> [Raw data]
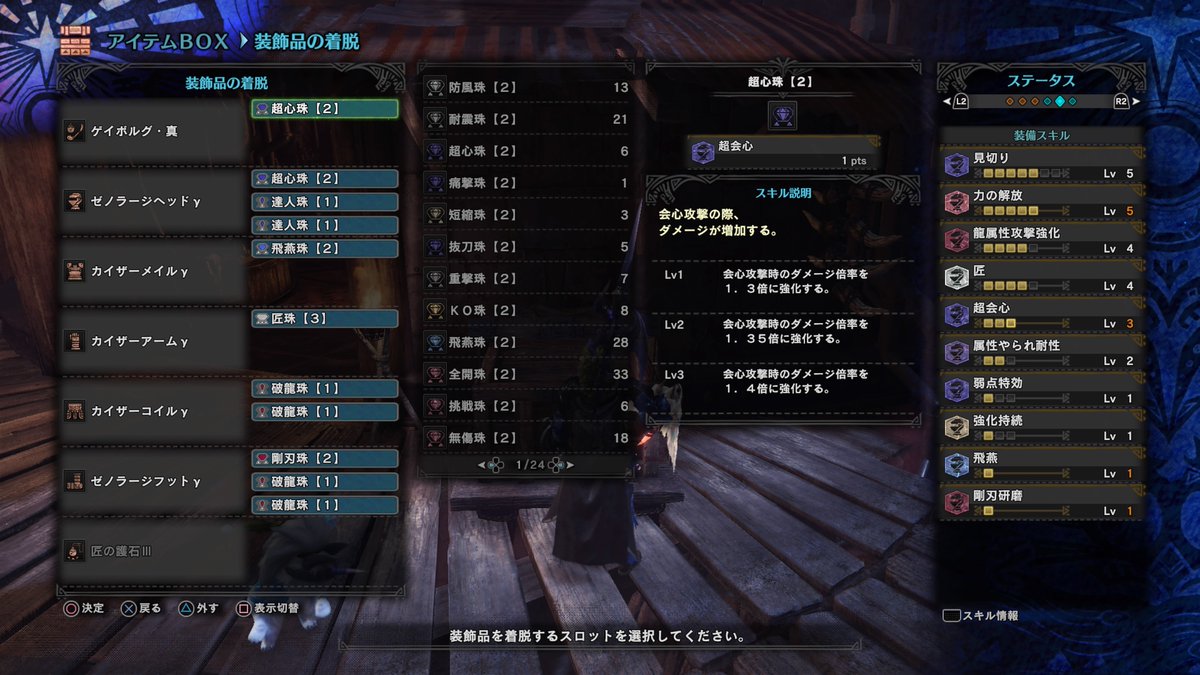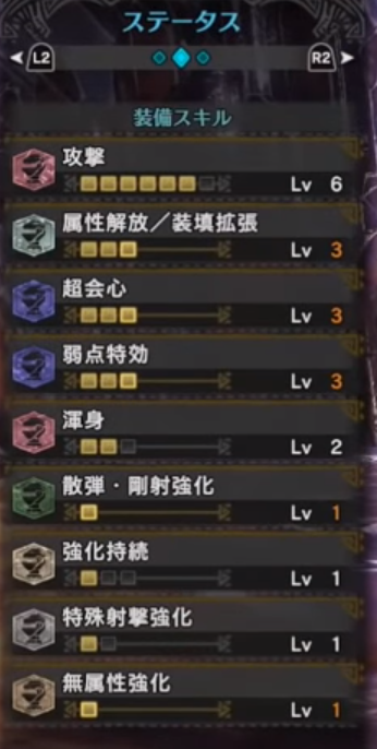 この辺を見ると超会心以外のスキルは以前も何度かご紹介してきた散弾装備とほとんど一緒ですね。
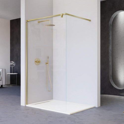 Mampara de ducha fija inox oro cepillado Salomón
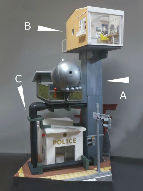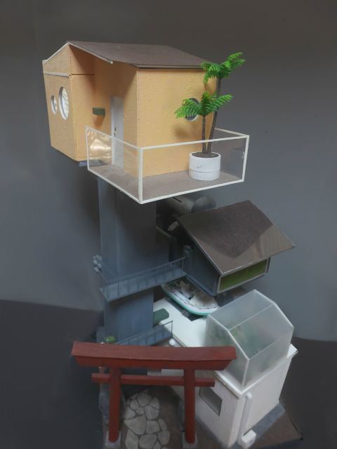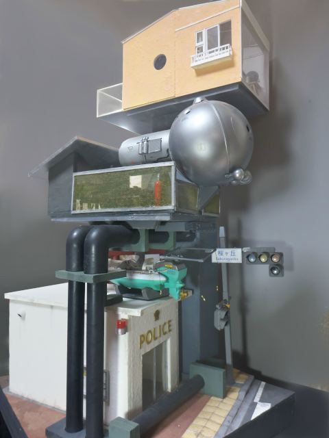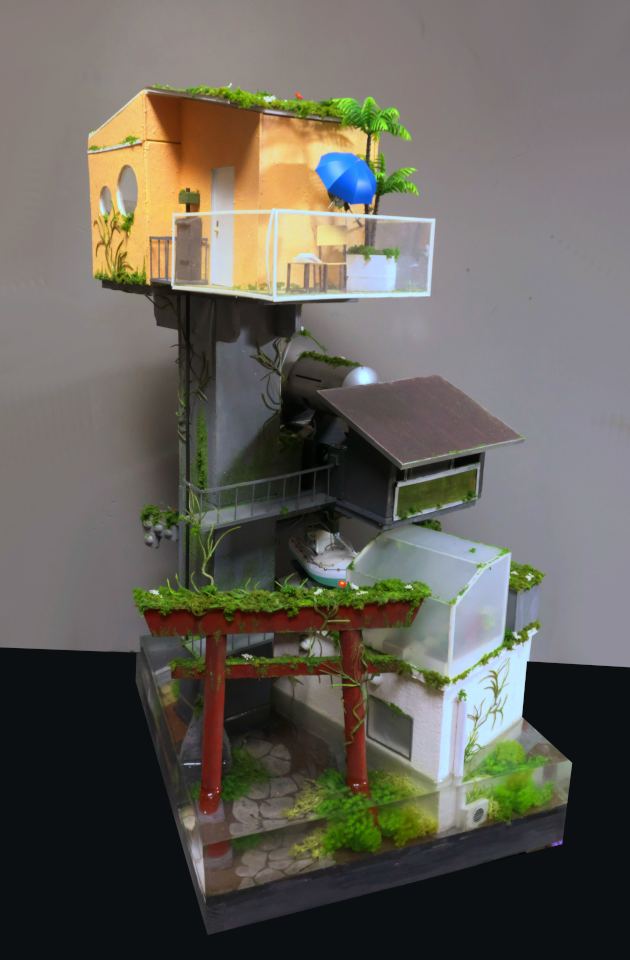 基本的には3層構造になっていて、一番下は水没してしまった現代の風景で交番とs神社の入口を再現しています。最上部が居住区、そして中央部分がソーラパネルや
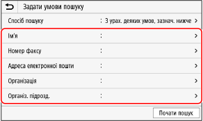 4 | Виберіть [Спосіб пошуку], а потім виберіть умови пошуку. Щоб знайти користувачів, які відповідають усім елементам, указаним на кроці 3, виберіть [З урахув. усіх умов, зазнач. нижче]. Щоб знайти користувачів, які відповідають будь-яким елементам, указаним на кроці 3, виберіть [З урах. деяких умов, зазнач. нижче]. |
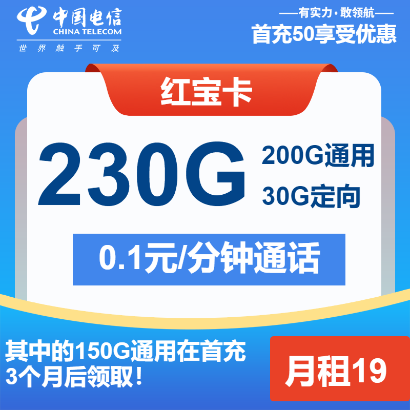 电信红宝卡是近期中国电信官方发布的一张19元月租的手机流量卡,每个月19月租包含了200G全国通用流量和30G全国定向流量。长期优惠套餐,号卡套餐支持5G网络。下面就让优卡网带领大家来看看电信红宝卡套餐详细介绍和申请方法。
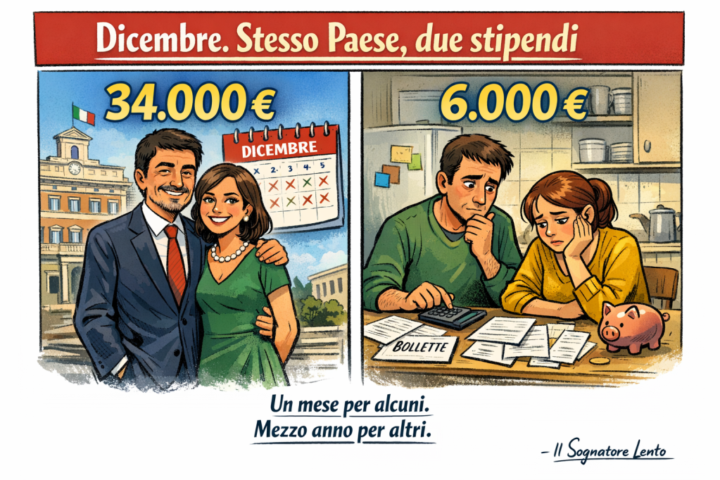 Una coppia istituzionale incassa in un solo mese ciò che una coppia di lavoratori deve accumulare in quasi sei mesi di lavoro. E questo senza considerare imprevisti, malattie, spese straordinarie, figli, mutui.
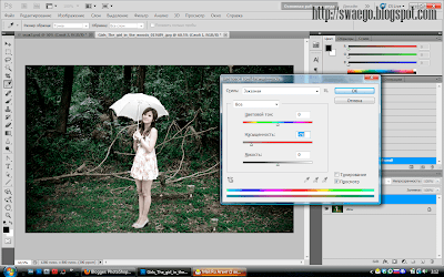 Берём инструмент Спанч Боб,просто Губка и обрабатываем наиболее яркие места на фото,не касаясь объекта,в данном случае симпатичной китаянки.
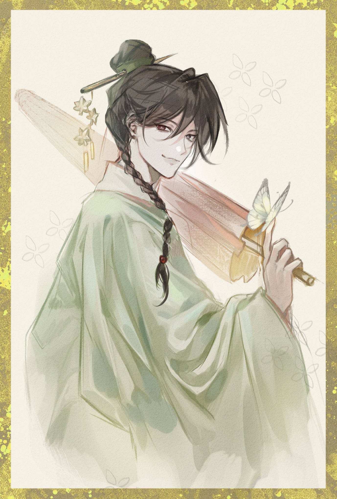 1boy black_hair braid bug butterfly butterfly_on_hand chinese_clothes chinese_hairpin closed_mouth closed_umbrella gold_border green_hanfu grey_eyes hair_bun hanfu heterochromia highres holding holding_umbrella hua_cheng insect korean_commentary lerira9 long_hair long_sleeves looking_at_viewer male_focus official_alternate_costume oil-paper_umbrella red_eyes red_umbrella single_braid single_hair_bun smile solo tianguan_cifu umbrella upper_body wide_sleeves

> [Task to complete]
From the data above, write out everything exactly except the pictures.

> [Answer area]
 この辺を見ると超会心以外のスキルは以前も何度かご紹介してきた散弾装備とほとんど一緒ですね。
 Mampara de ducha fija inox oro cepillado Salomón
 基本的には3層構造になっていて、一番下は水没してしまった現代の風景で交番とs神社の入口を再現しています。最上部が居住区、そして中央部分がソーラパネルや
 4 | Виберіть [Спосіб пошуку], а потім виберіть умови пошуку. Щоб знайти користувачів, які відповідають усім елементам, указаним на кроці 3, виберіть [З урахув. усіх умов, зазнач. нижче]. Щоб знайти користувачів, які відповідають будь-яким елементам, указаним на кроці 3, виберіть [З урах. деяких умов, зазнач. нижче]. |
 电信红宝卡是近期中国电信官方发布的一张19元月租的手机流量卡,每个月19月租包含了200G全国通用流量和30G全国定向流量。长期优惠套餐,号卡套餐支持5G网络。下面就让优卡网带领大家来看看电信红宝卡套餐详细介绍和申请方法。
 Una coppia istituzionale incassa in un solo mese ciò che una coppia di lavoratori deve accumulare in quasi sei mesi di lavoro. E questo senza considerare imprevisti, malattie, spese straordinarie, figli, mutui.
 Берём инструмент Спанч Боб,просто Губка и обрабатываем наиболее яркие места на фото,не касаясь объекта,в данном случае симпатичной китаянки.
 1boy black_hair braid bug butterfly butterfly_on_hand chinese_clothes chinese_hairpin closed_mouth closed_umbrella gold_border green_hanfu grey_eyes hair_bun hanfu heterochromia highres holding holding_umbrella hua_cheng insect korean_commentary lerira9 long_hair long_sleeves looking_at_viewer male_focus official_alternate_costume oil-paper_umbrella red_eyes red_umbrella single_braid single_hair_bun smile solo tianguan_cifu umbrella upper_body wide_sleeves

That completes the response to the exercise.